Defendant appeals from a judgment convicting him following a nonjury trial of attempted murder in the second degree (Penal Law §§ 110.00, 125.25[1] ), criminal trespass in the second degree (§ 140.15), and criminal possession of a weapon in the fourth degree (§ 265.01 [2] ). Contrary to the contention of defendant, County Court properly denied without a hearing his motion pursuant to CPL 330.30, which was based on his alleged difficulty in understanding the English language. “Where, as here, a defendant is adequately represented by competent counsel, and despite numerous opportunities to do so, fails to inform the court about any inability to understand the English language, he cannot be heard to complain in a collateral attack that his conviction was secured without due process of law” (People v. Ramos, 26 N.Y.2d 272, 274, 309 N.Y.S.2d 906, 258 N.E.2d 197; see People v. Calizaire, 190 A.D.2d 857, 857-858, 593 N.Y.S.2d 879; People v. Adamez, 177 A.D.2d 980, 578 N.Y.S.2d 1, lv. denied 79 N.Y.2d 852, 580 N.Y.S.2d 724, 588 N.E.2d 759).

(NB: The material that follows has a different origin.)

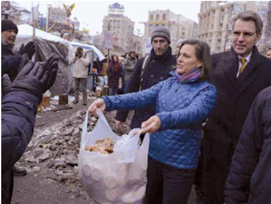
Victoria Nuland, of President Obama's State Department, hands out cookies to ground troops of the color revolution in Kiev, 2014.

in which nation states collaborate for development based on the common aims of mankind.

Defendant's contention that defense counsel had a conflict of interest is based on material outside the record, and thus the appropriate procedural vehicle to address that contention is a motion pursuant to CPL 440.10 (see People v. Englert, 285 A.D.2d 987, 727 N.Y.S.2d 680, lv. denied 97 N.Y.2d 655, 737 N.Y.S.2d 56, 762 N.E.2d 934). Contrary to the further contention of defendant, the evidence of intent, which was inferable from his conduct as well as the surrounding circumstances (see generally People v. Phong T. Le, 277 A.D.2d 1036, 716 N.Y.S.2d 189, lv. denied 96 N.Y.2d 762, 725 N.Y.S.2d 289, 748 N.E.2d 1085; People v. Henning, 267 A.D.2d 1092, 701 N.Y.S.2d 566, lv. denied 94 N.Y.2d 903, 707 N.Y.S.2d 388, 728 N.E.2d 987; People v. Moore, 184 A.D.2d 1042, 584 N.Y.S.2d 502, lv. denied 80 N.Y.2d 907, 588 N.Y.S.2d 833, 602 N.E.2d 241), is legally sufficient to support the conviction of attempted murder and the verdict is not against the weight of the evidence with respect to that crime (see People v. Bleakley, 69 N.Y.2d 490, 495, 515 N.Y.S.2d 761, 508 N.E.2d 672). Finally, the sentence is not unduly harsh or severe.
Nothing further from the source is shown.